--- Information ---

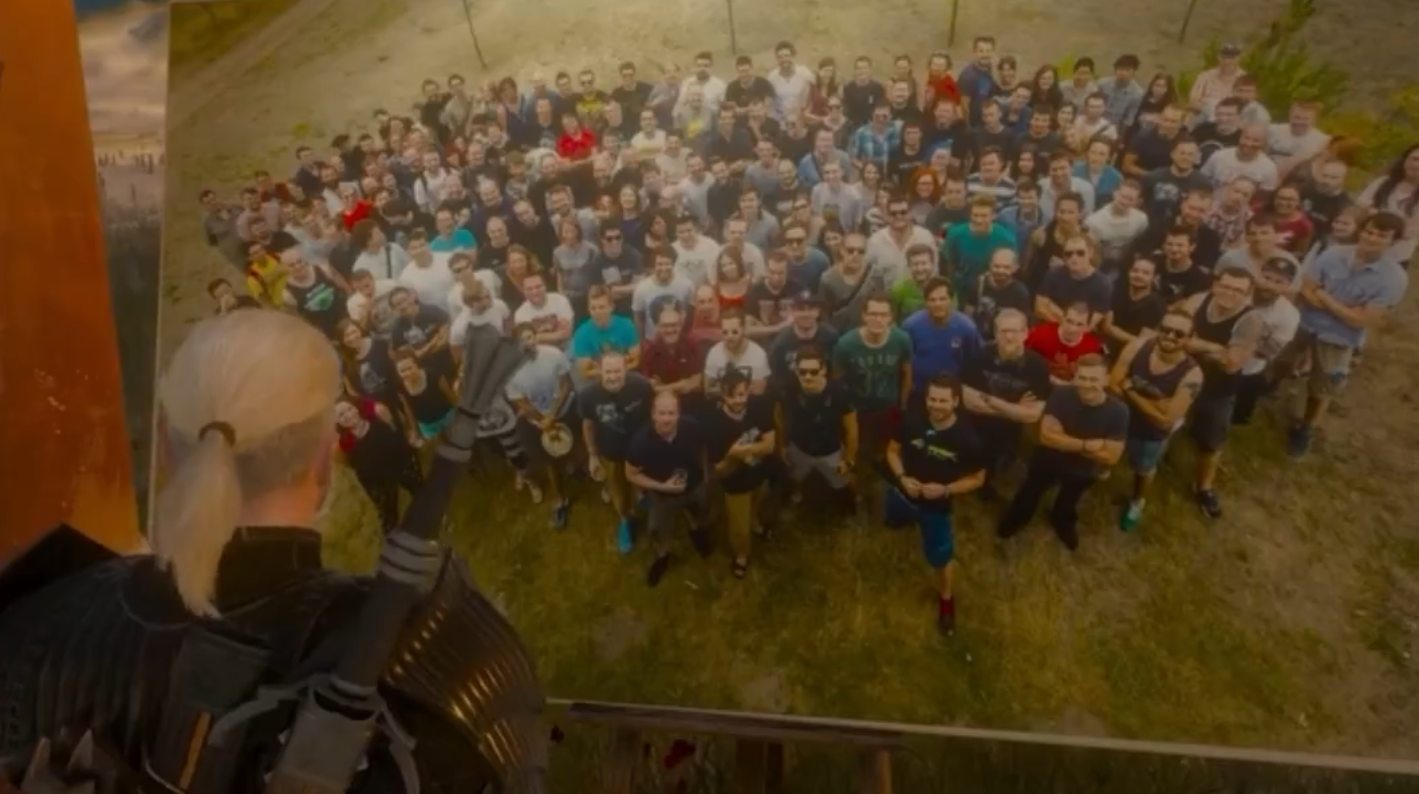 The photo itself was taken during the annual summer picnic after the release of The Witcher 3: Wild Hunt.
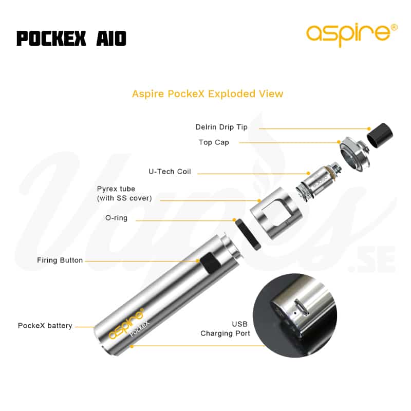 Aspire PockeX är en allt-i-ett e-cigarett framtaget för nybörjare som vill sluta röka. Inga inställningar krävs då allt justeras automatiskt.
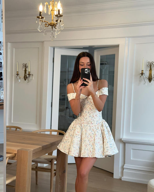 Floral Bardot A Line Dress White HV1257
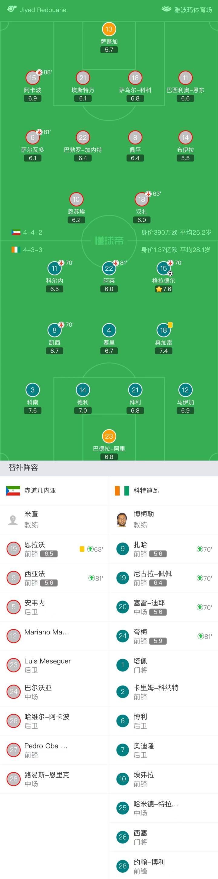 科特迪瓦首发:23-巴德拉-阿里、12-马伊加、14-德利、21-拜利、3-科南、4-塞里、8-凯西(70'20-塞雷-迪耶)、18-桑加雷、11-科尔内(70'9-扎哈)、22-阿莱(81'24-夸梅)、15-格拉德尔(70'19-尼古拉-佩佩)
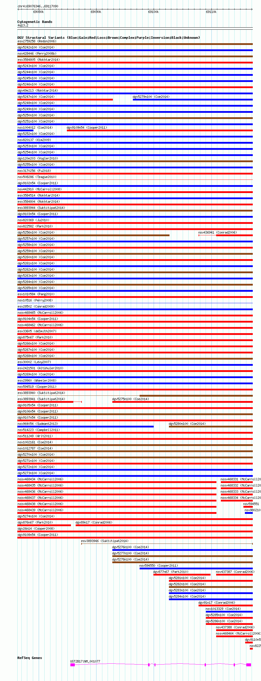 Variant DetailsVariant: essv25780022| Internal ID | 19167464 | | Landmark | | | Location Information | | | Cytoband | 4q13.2 | | Allele length | | Assembly | Allele length | | hg38 | 40745 | | hg19 | 40745 | | hg18 | 40745 |
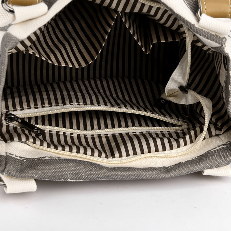Outdoor Fashion Canvas Large Capacity Striped One-shoulder Storage Handbag
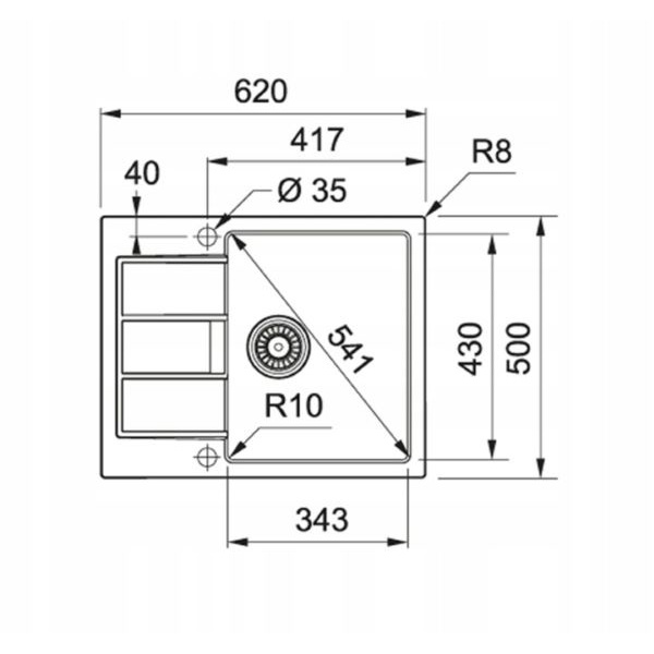 *Zlewozmywak posiada już 2 otwory fabryczne Ø 35 mm umiejscowione na ociekaczu bliżej krawędzi komory do mycia.
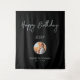 Cette tapisserie moderne est parfaite pour une fête d'anniversaire avec un thème de couleur noir et argent chic. Vos invités apprécieront prendre une photo avec ce fond de fête sophistiqué et se souviendront de votre journée spéciale. Le design présente un texte "Joyeux Anniversaire" écrit avec un pinceau argenté et un texte personnalisé. Vous pouvez personnaliser le nom, l'événement et la date en bas de la tapisserie. Merci !
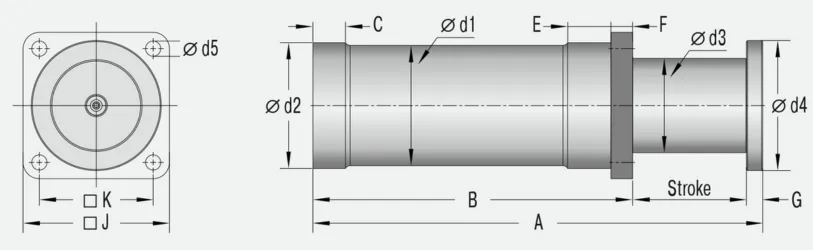 Materiales: Cuerpo exterior, Botón del extremo del vástago: acero pintado de gris; vástago del pistón: acero galvanizado
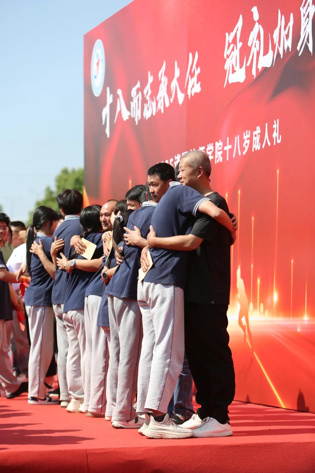 金萍女士代表家長發(fā)言。她祝福技師青年揚帆起航,滿載而歸。家長們親手為孩子佩戴上成人徽章、系上祝福絲巾小小的物件,裝滿了沉甸甸的愛與期望。學生捧出親手制作的感恩賀卡,用文字表達對父母的感激,同時向家長和老師道一聲“爸爸媽媽,我愛您!老師,我愛您!”并深情擁抱。在這一刻,所有人的情緒進行釋放,淚灑現(xiàn)場。
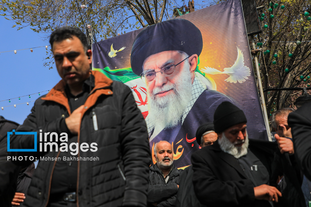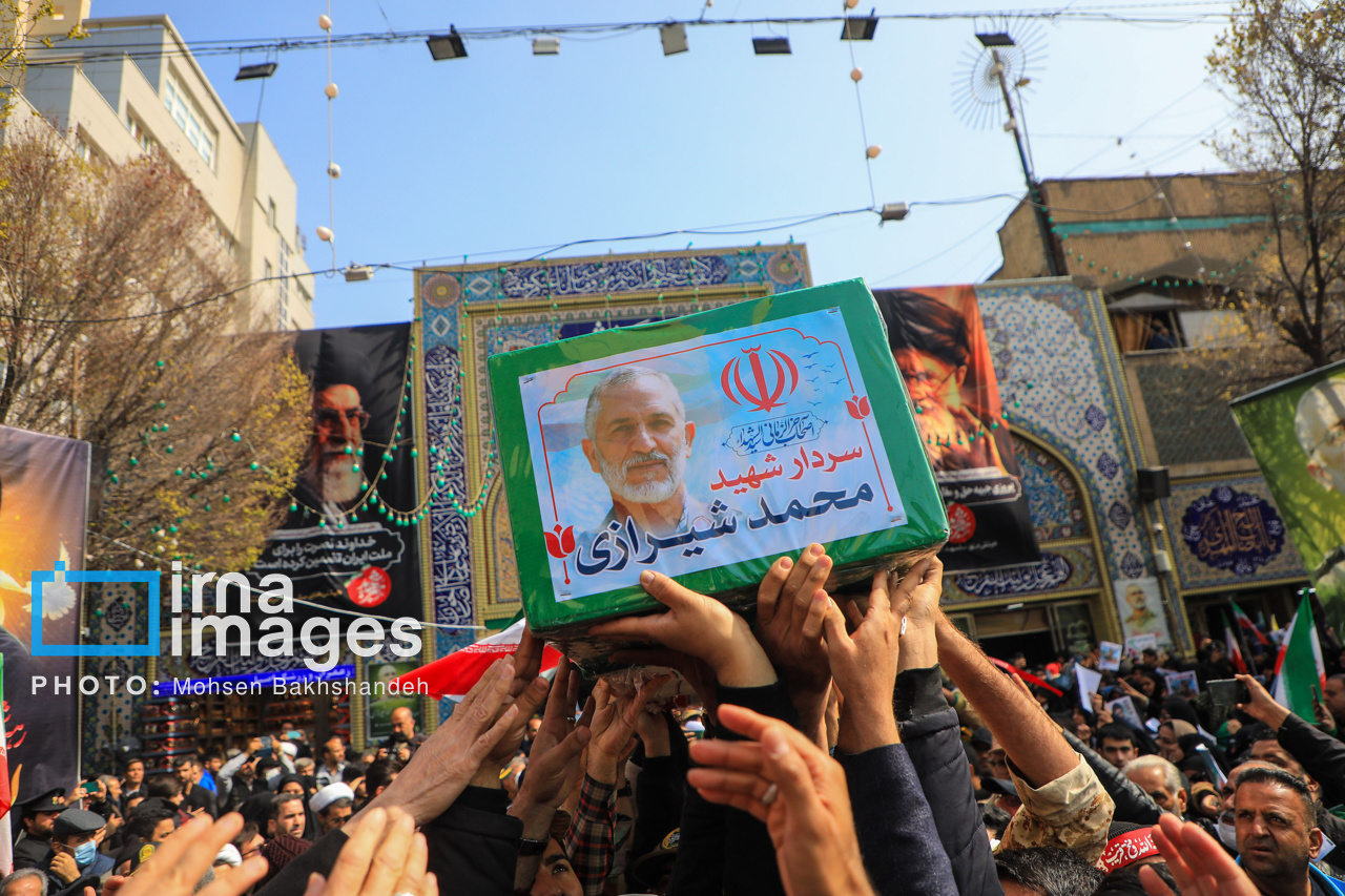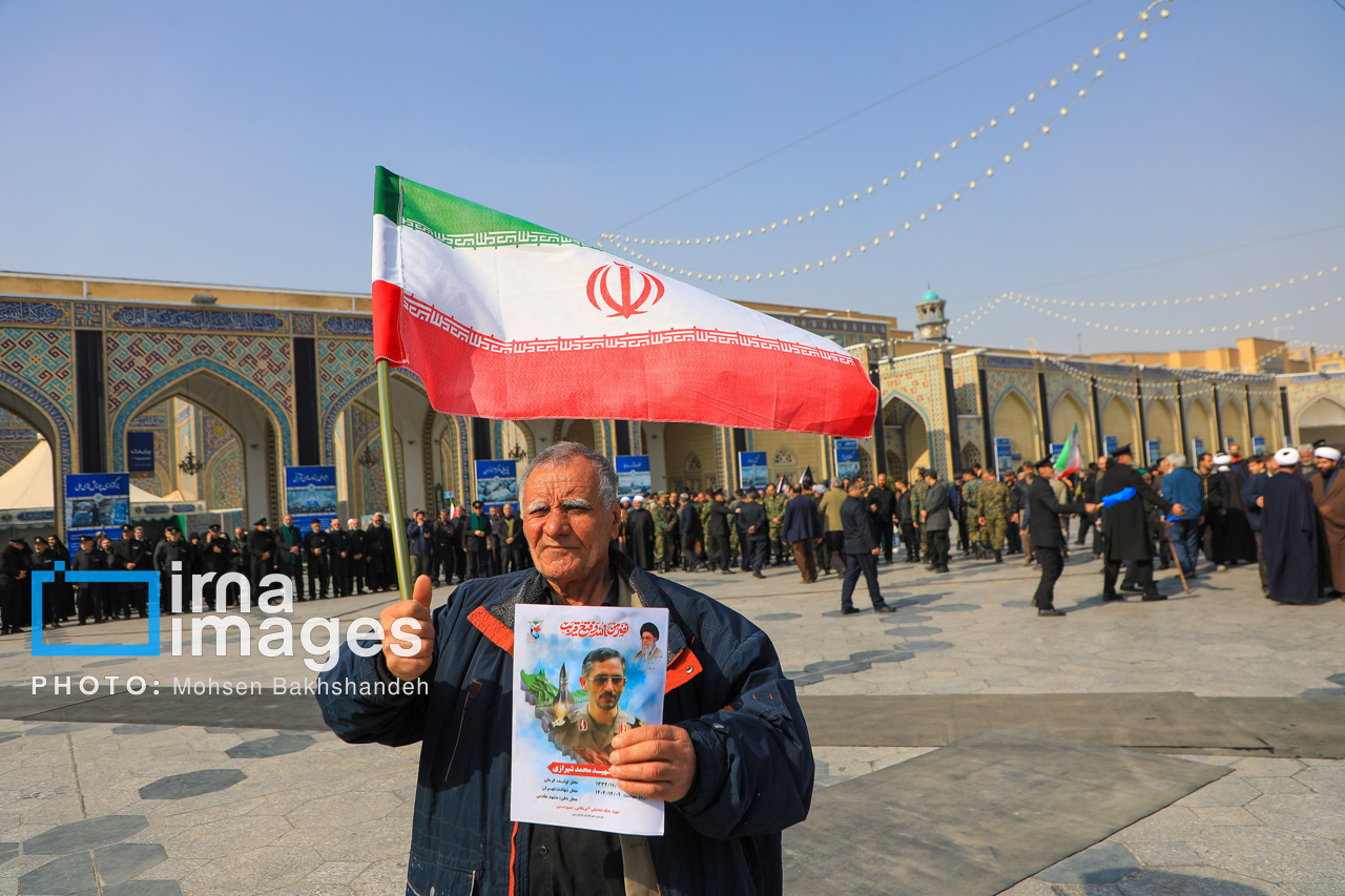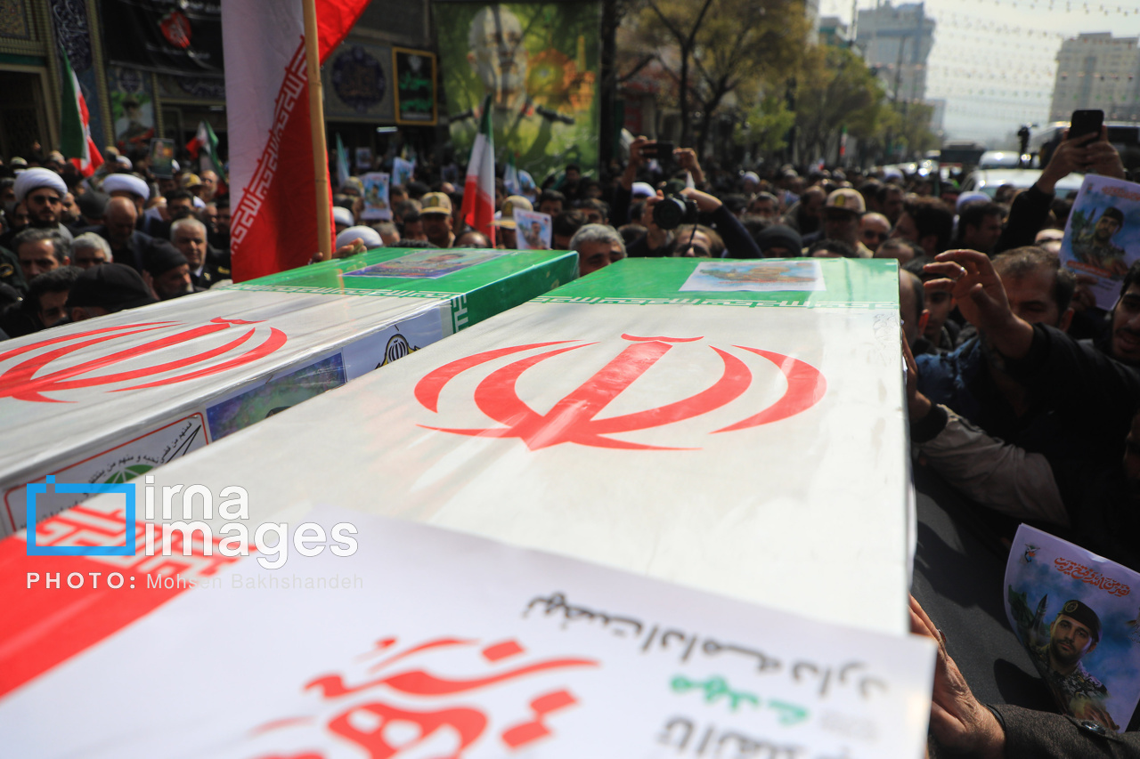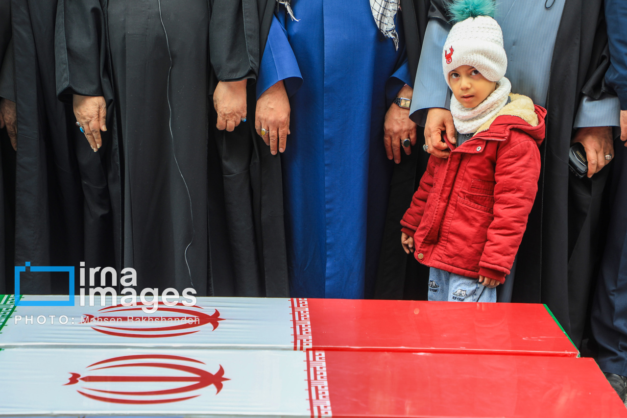 پیکر دو نفر از شهدای حمله به بیت رهبری؛ شهید سرلشکر محمد شیرازی و شهید مجتبی پارساروش که در روز نخست حمله متجاوزانه آمریکایی - اسرائیلی به شهادت رسیدند،روز یکشنبه (۲۴ اسفند ۱۴۰۴) در مشهد تشییع و در حرم رضوی به خاک سپرده شد.|منبع: ایرنا
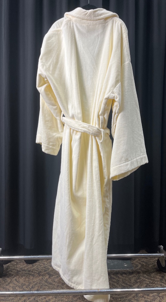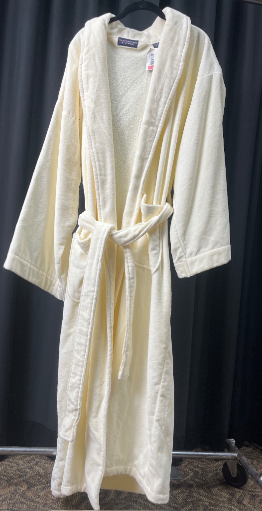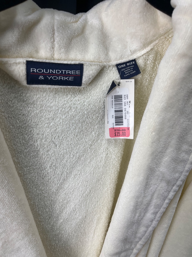Roundtree & Yorke cream-colored bathrobe made from a cotton blend. Features long sleeves with wide cuffs, a belted waist with a matching tie, and a tag on the collar reading ‘ROUND TREE & YORK’. The size tag indicates ‘ONE SIZE’, and the price tag shows an original price of $49.00 and a sale price of $35.00. CONDITION: Condition not assessed. SHIPPING: In-House Shipping Available
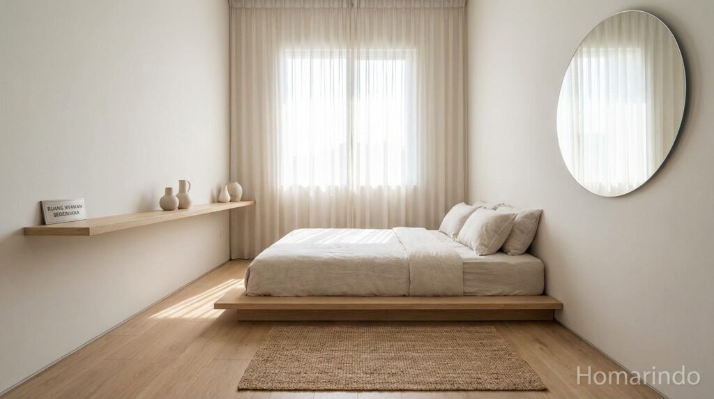 Ukuran tempat tidur yang ideal untuk kamar 3×3 meter adalah single (100–120 cm) atau queen (160 cm) jika ruang diatur secara efisien. Hindari tempat tidur yang terlalu besar agar masih ada ruang untuk berjalan.

---

Restate the records above word for word, without the pictures.

Your response ▸
 The photo itself was taken during the annual summer picnic after the release of The Witcher 3: Wild Hunt.
 Aspire PockeX är en allt-i-ett e-cigarett framtaget för nybörjare som vill sluta röka. Inga inställningar krävs då allt justeras automatiskt.
 Floral Bardot A Line Dress White HV1257
 科特迪瓦首发:23-巴德拉-阿里、12-马伊加、14-德利、21-拜利、3-科南、4-塞里、8-凯西(70'20-塞雷-迪耶)、18-桑加雷、11-科尔内(70'9-扎哈)、22-阿莱(81'24-夸梅)、15-格拉德尔(70'19-尼古拉-佩佩)
 Variant DetailsVariant: essv25780022| Internal ID | 19167464 | | Landmark | | | Location Information | | | Cytoband | 4q13.2 | | Allele length | | Assembly | Allele length | | hg38 | 40745 | | hg19 | 40745 | | hg18 | 40745 |
Outdoor Fashion Canvas Large Capacity Striped One-shoulder Storage Handbag
 *Zlewozmywak posiada już 2 otwory fabryczne Ø 35 mm umiejscowione na ociekaczu bliżej krawędzi komory do mycia.
 Cette tapisserie moderne est parfaite pour une fête d'anniversaire avec un thème de couleur noir et argent chic. Vos invités apprécieront prendre une photo avec ce fond de fête sophistiqué et se souviendront de votre journée spéciale. Le design présente un texte "Joyeux Anniversaire" écrit avec un pinceau argenté et un texte personnalisé. Vous pouvez personnaliser le nom, l'événement et la date en bas de la tapisserie. Merci !
 Materiales: Cuerpo exterior, Botón del extremo del vástago: acero pintado de gris; vástago del pistón: acero galvanizado
 金萍女士代表家長發(fā)言。她祝福技師青年揚帆起航,滿載而歸。家長們親手為孩子佩戴上成人徽章、系上祝福絲巾小小的物件,裝滿了沉甸甸的愛與期望。學生捧出親手制作的感恩賀卡,用文字表達對父母的感激,同時向家長和老師道一聲“爸爸媽媽,我愛您!老師,我愛您!”并深情擁抱。在這一刻,所有人的情緒進行釋放,淚灑現(xiàn)場。
 پیکر دو نفر از شهدای حمله به بیت رهبری؛ شهید سرلشکر محمد شیرازی و شهید مجتبی پارساروش که در روز نخست حمله متجاوزانه آمریکایی - اسرائیلی به شهادت رسیدند،روز یکشنبه (۲۴ اسفند ۱۴۰۴) در مشهد تشییع و در حرم رضوی به خاک سپرده شد.|منبع: ایرنا
Roundtree & Yorke cream-colored bathrobe made from a cotton blend. Features long sleeves with wide cuffs, a belted waist with a matching tie, and a tag on the collar reading ‘ROUND TREE & YORK’. The size tag indicates ‘ONE SIZE’, and the price tag shows an original price of $49.00 and a sale price of $35.00. CONDITION: Condition not assessed. SHIPPING: In-House Shipping Available
 Ukuran tempat tidur yang ideal untuk kamar 3×3 meter adalah single (100–120 cm) atau queen (160 cm) jika ruang diatur secara efisien. Hindari tempat tidur yang terlalu besar agar masih ada ruang untuk berjalan.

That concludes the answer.